Если не считать этих рискованных спортивных занятий, в остальном жизнь моих соседей протекает плавно и мирно. Временами поблизости возникает Красавчик — по-всегдашнему франтоватый, щёгольски ухоженный. Он пытается заигрывать с Бэлой. Однако ей не до него: всё время отнимают дети. А вот такая — вся ушедшая в материнство — она ему малоинтересна. Он скучает рядом и скоро снова надолго исчезает. Что ж, обычная история!
Впрочем, растут бельчата быстро. С каждым днём становятся всё бойчей, самостоятельней. Скоро взяли моду шастать где вздумается. Исчезали всё надольше. А к зиме и вовсе остались мы с Бэлой вдвоём. И снова — привычная наша с ней жизнь: красота, тишина, чай с сушками, прогулки. Уж променад — пренепременно, в любую погоду и мороз. Она караулит, когда я выйду на улицу. Радёшенька! Перво-наперво искупается в снегу, попрыгает чуток для разминки и опрометью кидается следом за мной. Бежит по снежку вприпрыжку, как собачонка. Догнала — и по валенку, по брюкам карабкается вверх. Нырь мордочкой в карман — и затихла. Знает: там у меня пусто не бывает. Сощёлкала все орешки — и шур за пазуху. Прижалась ко мне, греется. А лапки-то, лапки холоднючие! Всё-таки тут природа чего-то не додумала: при такой-то шубе — и абсолютно босые ноги!
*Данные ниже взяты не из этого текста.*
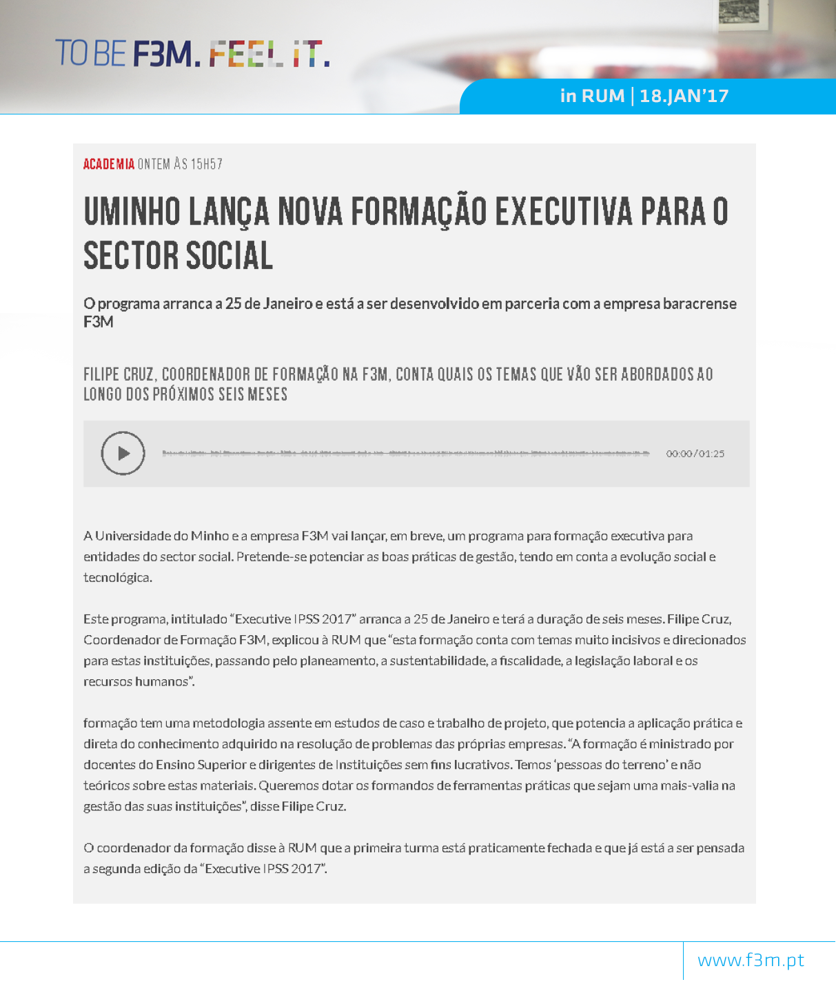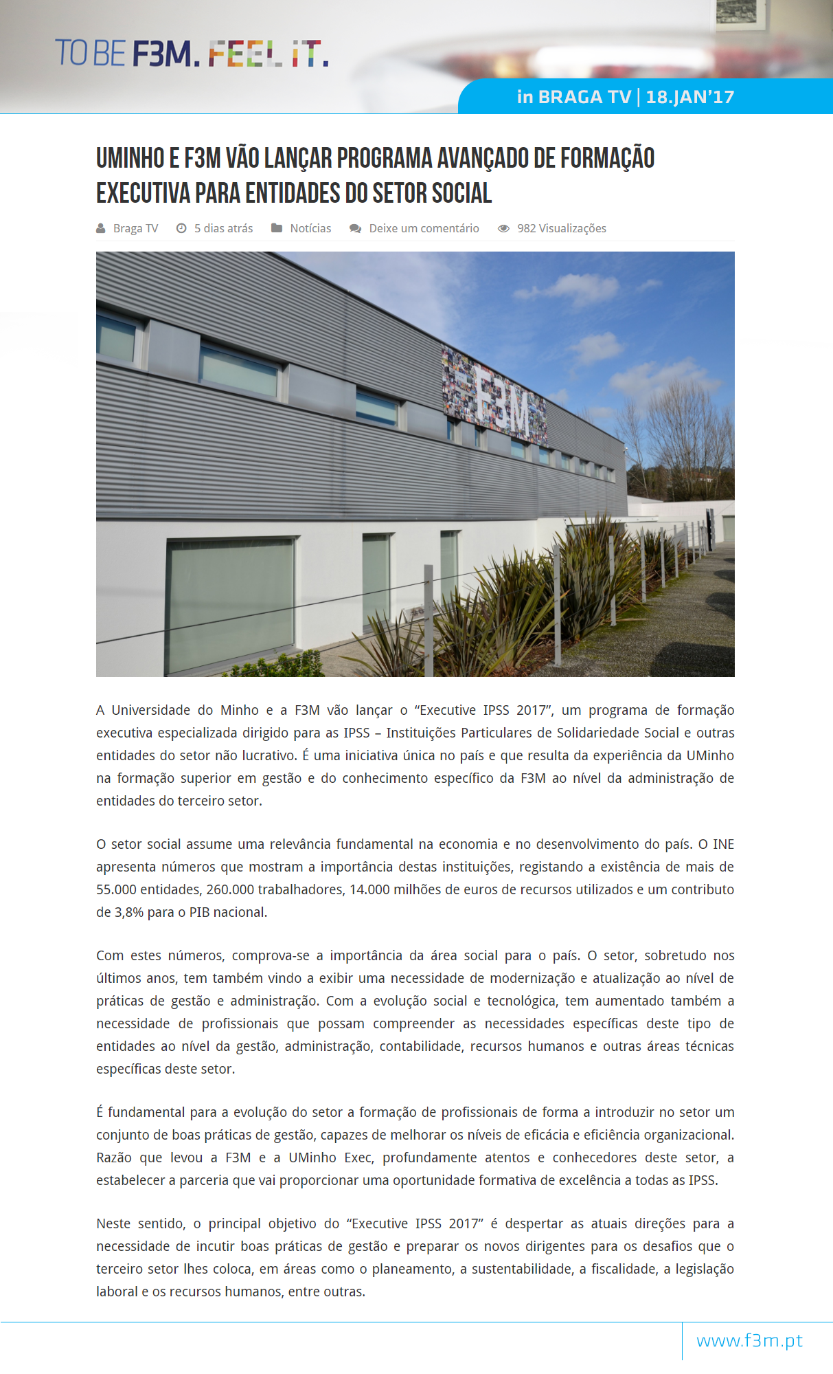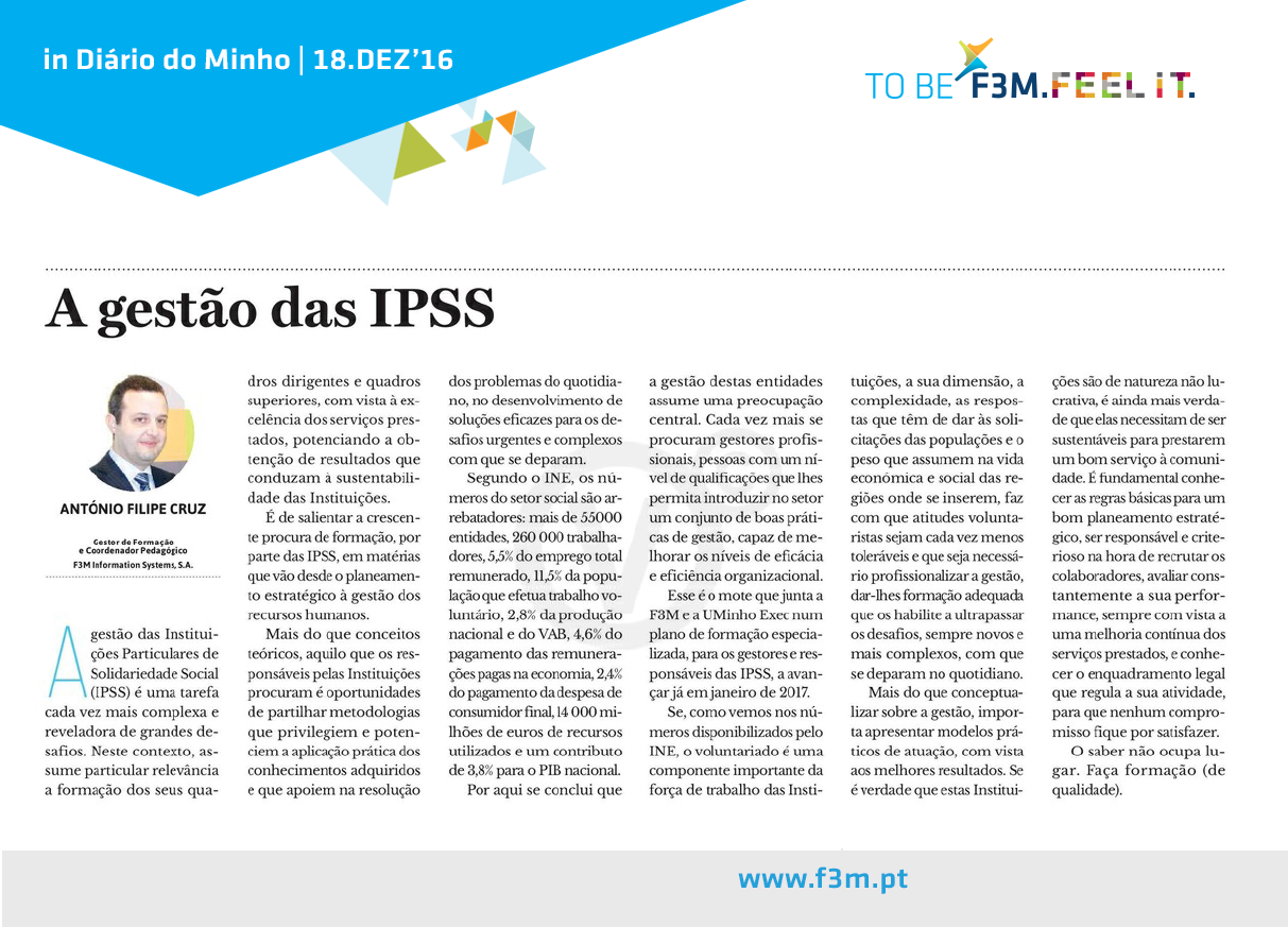 UMINHO e F3M vão lançar "Executive IPSS 2017" (JAN2017)

— Ну, согрелась? Сыта? Будь здорова! Мне идти пора. Всё, всё — беги. Да не за мной. Давай-ка — к себе! Кому сказано! А ну, марш назад! И чтобы в калитку — ни-ни! Слышишь? Никогда!
За калиткой — другой мир. Чужие люди. Каждый месяц — новые. Там — санаторий. Праздный, отпускной, довольный жизнью люд чинно прогуливается по дорожке. Нашагивает прописанное врачом количество метров, попутно обозревая местную природу. Самое оживлённое место — у примитивной кормушки с призывом на картонке: „Кормите птиц и белок!“ Утром, после завтрака, санаторская публика шагает сюда целенаправленно, торжественно неся бумажные кулёчки с недоеденными кусками, собранными со стола крошками. А после, до самого вечера, там — толчея и оживлённые природоведческие дебаты.
— Ишь, пряник-то вперёд расклевали, а хлеб — уж после. Видать, сладкое тоже любят.
— Ты гляди, сколько мучного едят — и ничего, не толстеют. Счастливые!
— Ой, какая прелесть! Хвостик-то, хвостик-то какой пушистый!
— А лапочками, прямо как ручками, всё берёт.
— Жаль, внучек мой не видит. Ох, он бы тут… Вот бы привезти ему в подарок! Дак разве ж её поймаешь!
Дикая городская публика верна себе.
— Как ты думаешь, сколько нужно белок на шапку? Наверное, штуки три, не меньше?
— Да нет, трёх не хватит. Думаю, надо не меньше пяти. В дело-то идут только спинки.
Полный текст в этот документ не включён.